_Exercise data_

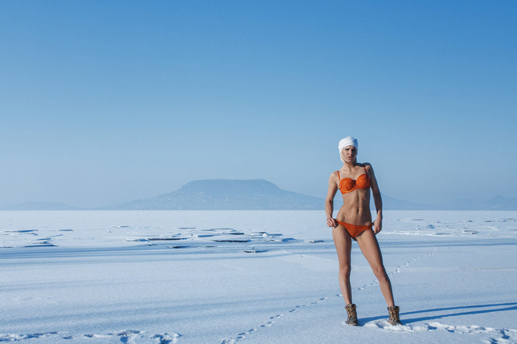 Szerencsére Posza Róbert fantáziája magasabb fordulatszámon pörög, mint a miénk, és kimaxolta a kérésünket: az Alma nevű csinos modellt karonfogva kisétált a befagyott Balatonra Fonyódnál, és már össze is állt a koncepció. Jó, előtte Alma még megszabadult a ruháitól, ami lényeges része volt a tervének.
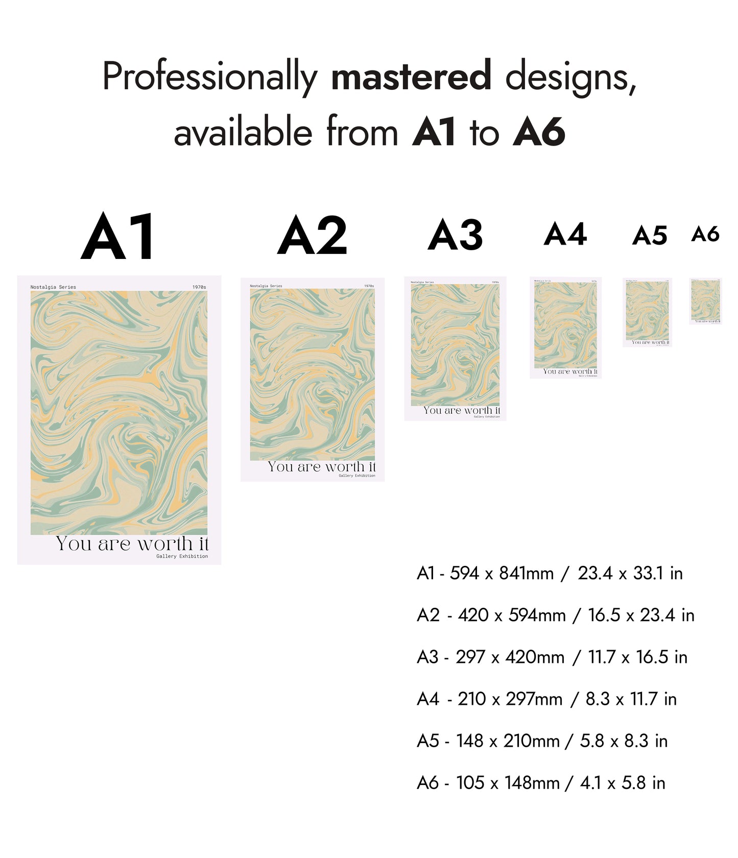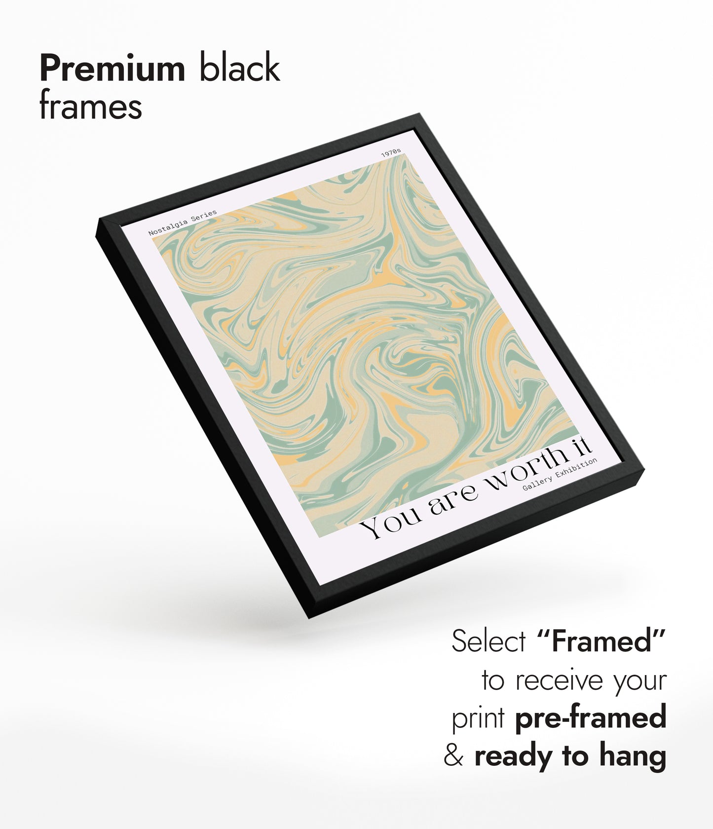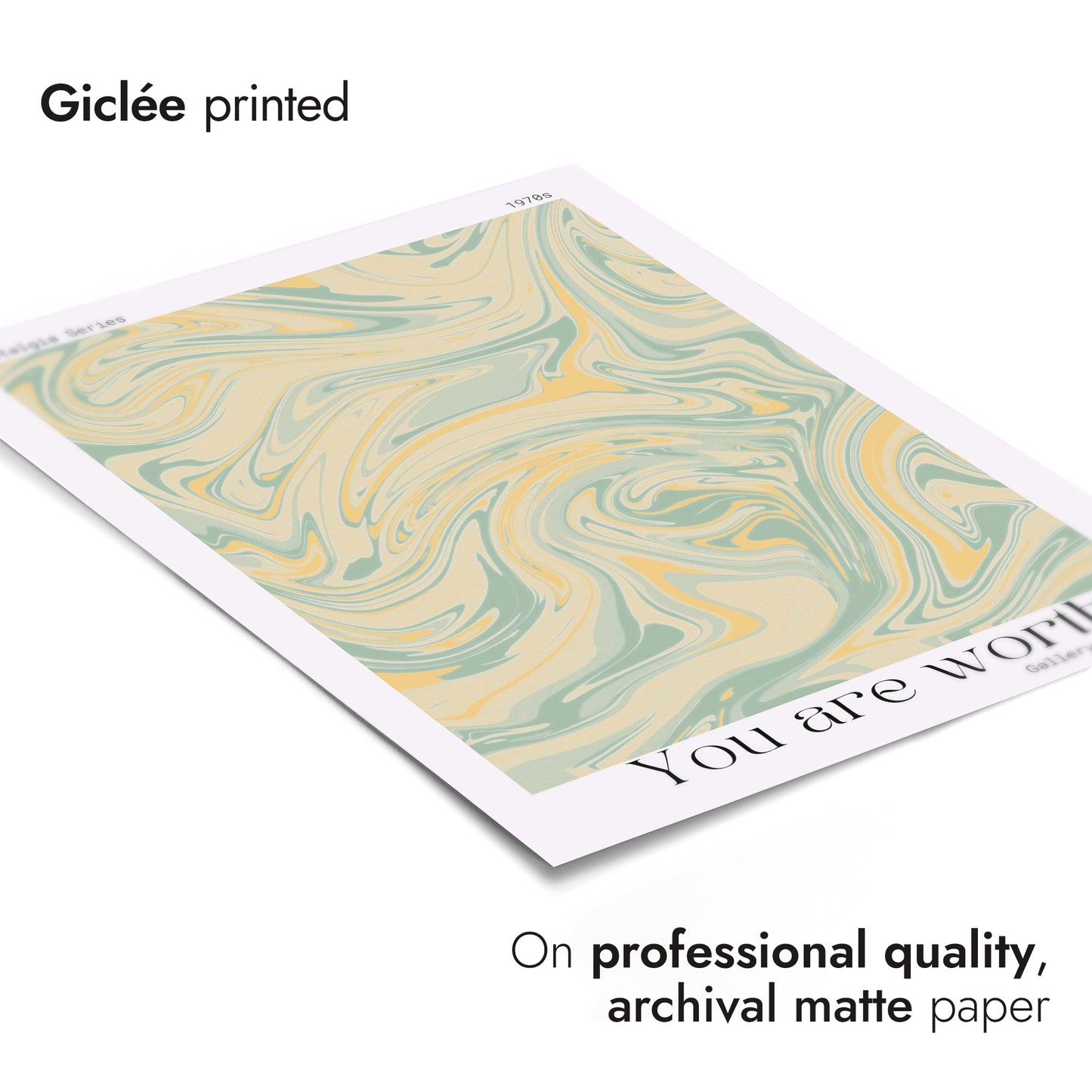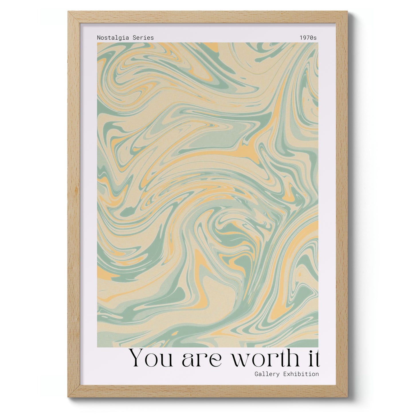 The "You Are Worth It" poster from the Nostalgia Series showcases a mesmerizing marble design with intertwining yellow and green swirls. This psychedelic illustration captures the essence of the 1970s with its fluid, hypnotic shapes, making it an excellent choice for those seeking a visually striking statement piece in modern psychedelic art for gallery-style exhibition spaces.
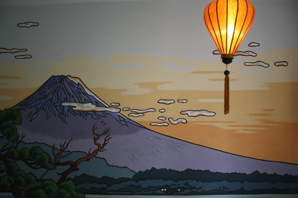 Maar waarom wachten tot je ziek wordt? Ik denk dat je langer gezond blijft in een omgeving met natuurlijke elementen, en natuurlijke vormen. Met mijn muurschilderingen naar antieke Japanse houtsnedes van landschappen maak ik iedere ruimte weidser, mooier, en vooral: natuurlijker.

_Work item_
Give the listing above again word for word, without its pictures.

_Reply to the exercise_
 Szerencsére Posza Róbert fantáziája magasabb fordulatszámon pörög, mint a miénk, és kimaxolta a kérésünket: az Alma nevű csinos modellt karonfogva kisétált a befagyott Balatonra Fonyódnál, és már össze is állt a koncepció. Jó, előtte Alma még megszabadult a ruháitól, ami lényeges része volt a tervének.
 The "You Are Worth It" poster from the Nostalgia Series showcases a mesmerizing marble design with intertwining yellow and green swirls. This psychedelic illustration captures the essence of the 1970s with its fluid, hypnotic shapes, making it an excellent choice for those seeking a visually striking statement piece in modern psychedelic art for gallery-style exhibition spaces.
 Maar waarom wachten tot je ziek wordt? Ik denk dat je langer gezond blijft in een omgeving met natuurlijke elementen, en natuurlijke vormen. Met mijn muurschilderingen naar antieke Japanse houtsnedes van landschappen maak ik iedere ruimte weidser, mooier, en vooral: natuurlijker.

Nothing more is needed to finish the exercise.